▶ _Task directions_
Transcribe the records below word for word, beginning with the first line and stopping after the line that contains "Etui till cigarettmunstycke"; pictures are not part of the copy.

▶ _Data section_
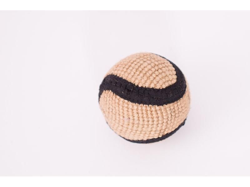 Loptičky sú vyrobené z prírodného materiálu - JUTA. Loptička je tvrdý nedá sa stlačiť. Vhodný je na nosenie, aportovanie, za odmenu. Farba: hnedá juta, čierne prešitie Priemer: cca 7 cm Váha: cca 190 g Rozmery sú približné, pretože je to prírodný materiál a ručné práce.
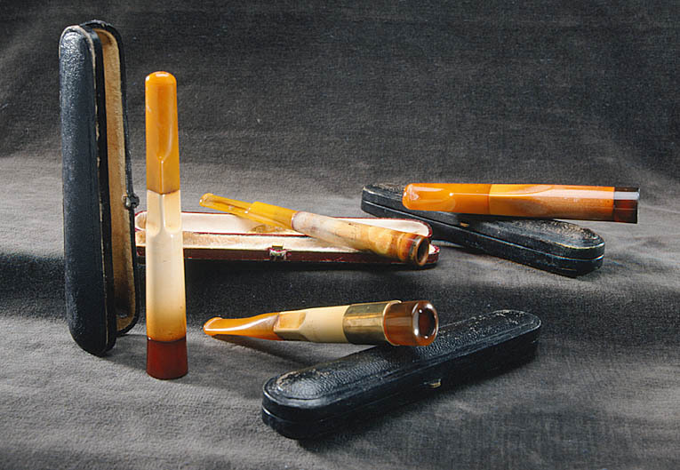 Etui till cigarettmunstycke av trä med rundade ändar samt rundad över- och undersida.Utvändigt klätt med svart slitet skinn, fjäderlås och två gångjärn av gulmetall. Locket är invändigt klätt med gulnat vitt siden och har ett delvis utplånat firmamärke tryckt med guldfärg, där det står i spetsoval: "CHR.ROSENSTIEL«BERLIN«CHARLOTTENSTR. 44"(?).
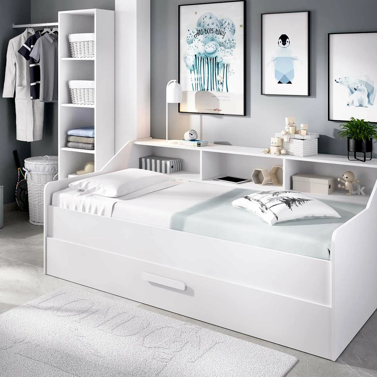 La cama nido Drag es práctica, tiene un diseño moderno y unosmateriales de calidad. Así es, este modelo está fabricado en melamina de buenacalidad, lo que nos asegura una gran resistencia al paso del tiempo. En la camaencontramos varias zonas: 1 cajón inferior con gran espacio de almacenaje, 1espacio para 1 colchón de 90 x 190 cm, 3 huecos de almacenaje sobre esta y 1repisa superior que pone la guinda a este fantástico mueble. De esta manera, estamos ante un mueble muyestético, funcional y fácil de montar que combinará sin problema con el resto delmobiliario del dormitorio. Es necesario somier. Además de cama, podrás utilizarla como lugar dondealmacenar prendas de ropa, así como otros elementos tanto decorativos comofuncionales. Ideal para dormitorios de tamaño pequeño y mediano, esta cama nidoDrag te encantará. ¡Hazte con la tuya!
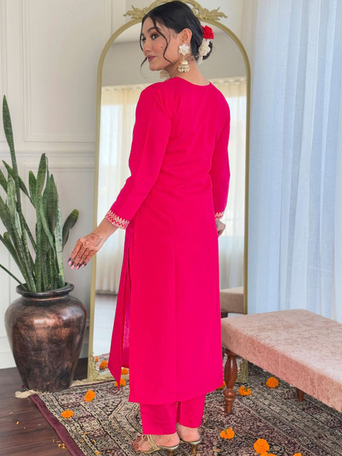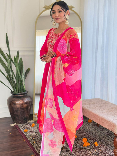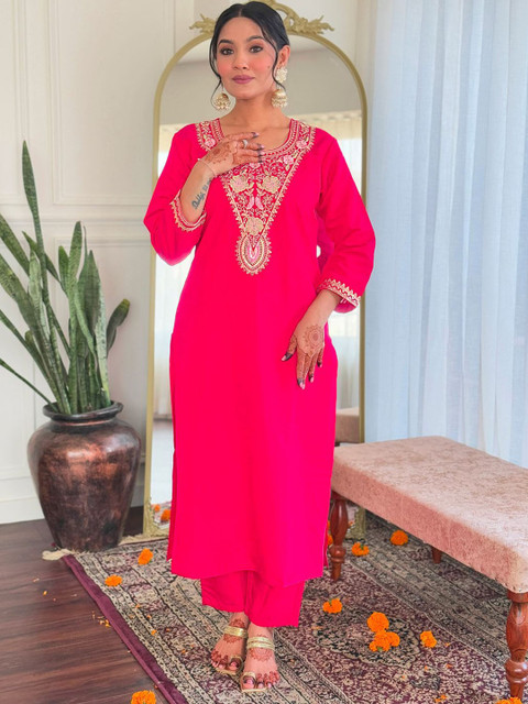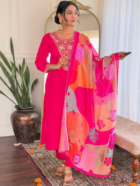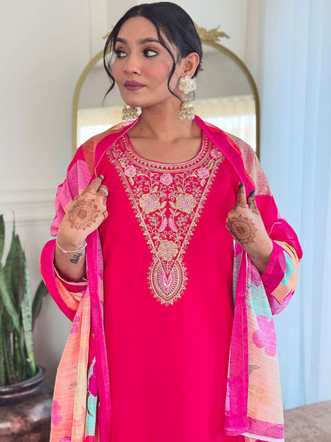 Red, Beige, Pink Embroidered Kurta with Trousers & Dupatta
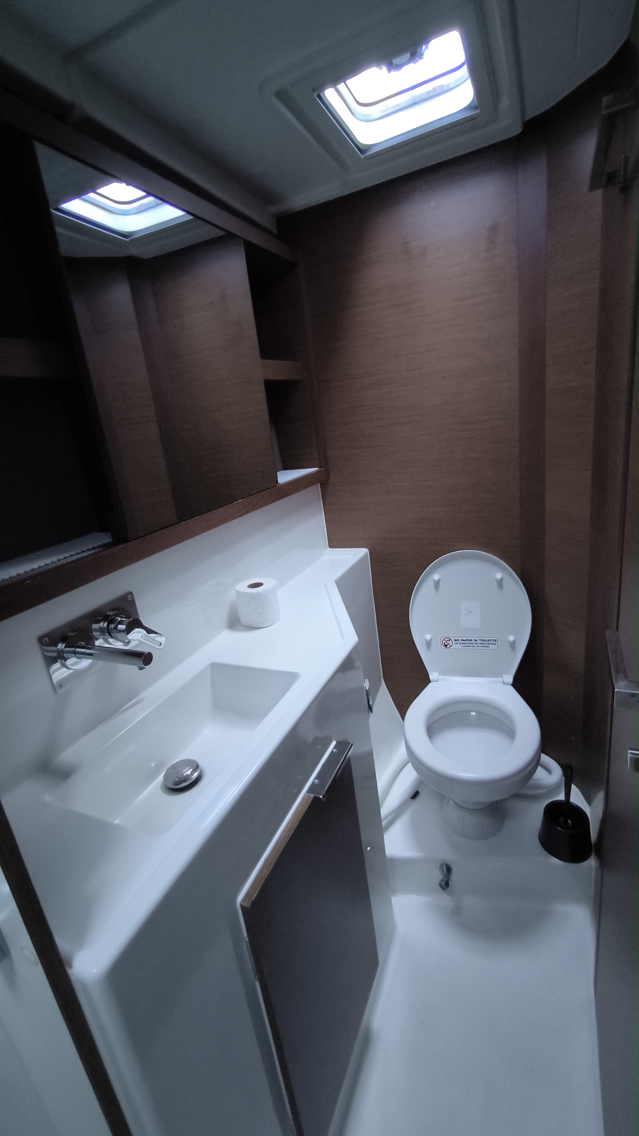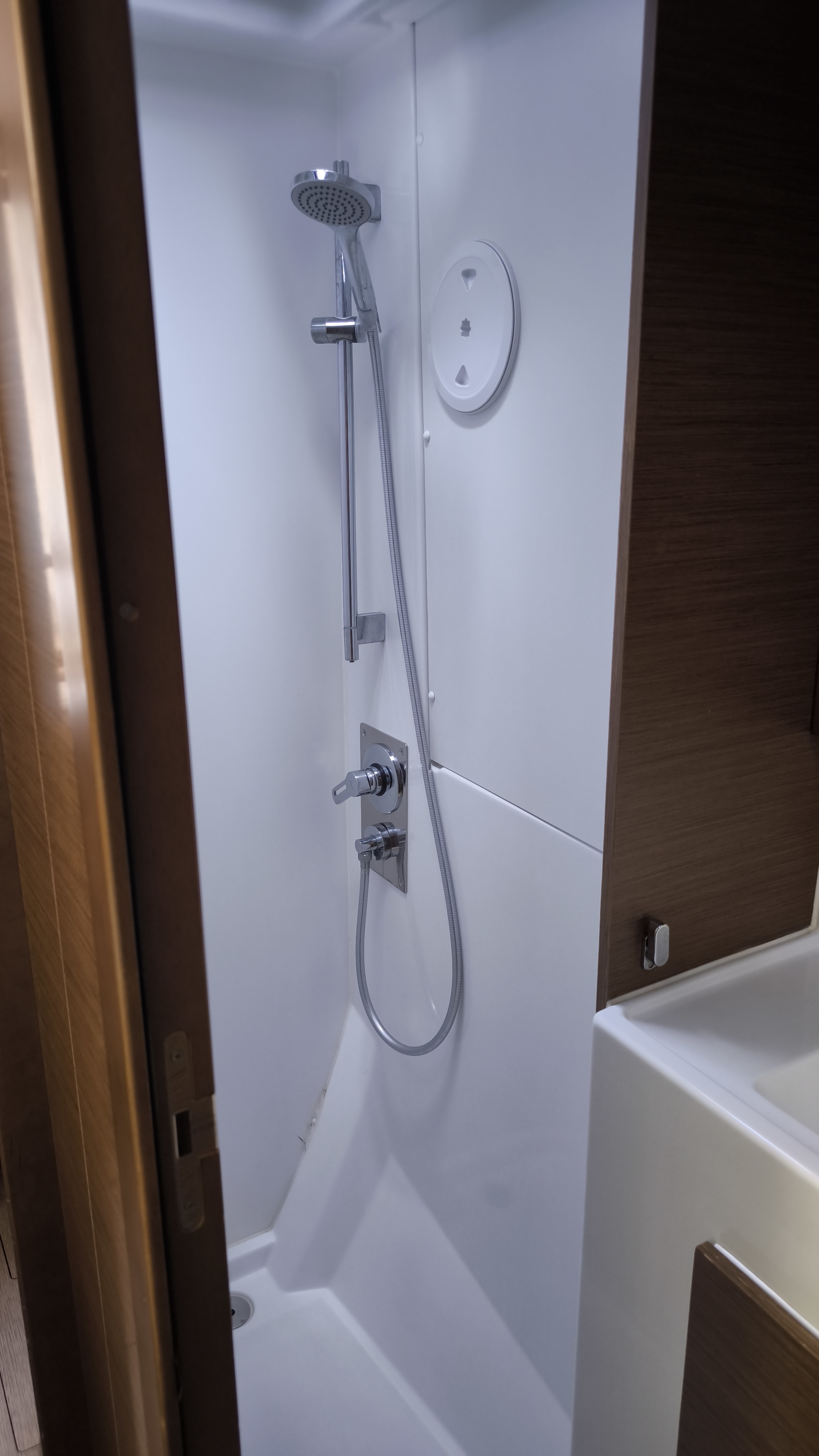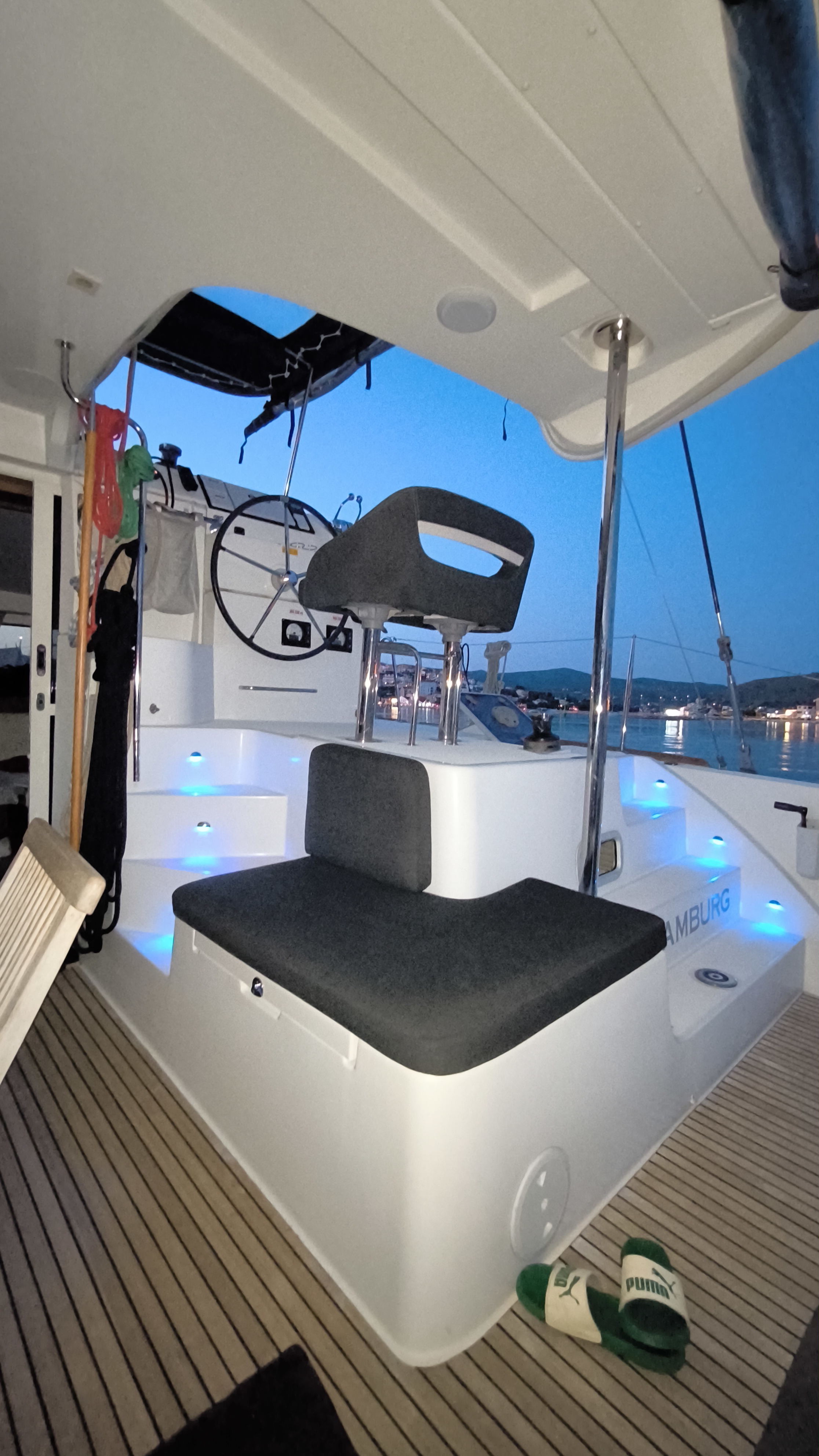 | Outside | Ankerkettenzähler, Badeleiter, Badeplattform, Biminitop, Cockpitdusche, Cockpitlautsprecher, Cockpitpolster, Cockpittisch, Davits, Deckpolster, elektr. Ankerwinsch, elektr. Winsch, Fernsteuerung für elektr. Ankerwinsch, Solaranlage, Sprayhood, Teak auf Badeplattform |

▶ _Solution for this exercise_
 Loptičky sú vyrobené z prírodného materiálu - JUTA. Loptička je tvrdý nedá sa stlačiť. Vhodný je na nosenie, aportovanie, za odmenu. Farba: hnedá juta, čierne prešitie Priemer: cca 7 cm Váha: cca 190 g Rozmery sú približné, pretože je to prírodný materiál a ručné práce.
 Etui till cigarettmunstycke av trä med rundade ändar samt rundad över- och undersida.Utvändigt klätt med svart slitet skinn, fjäderlås och två gångjärn av gulmetall. Locket är invändigt klätt med gulnat vitt siden och har ett delvis utplånat firmamärke tryckt med guldfärg, där det står i spetsoval: "CHR.ROSENSTIEL«BERLIN«CHARLOTTENSTR. 44"(?).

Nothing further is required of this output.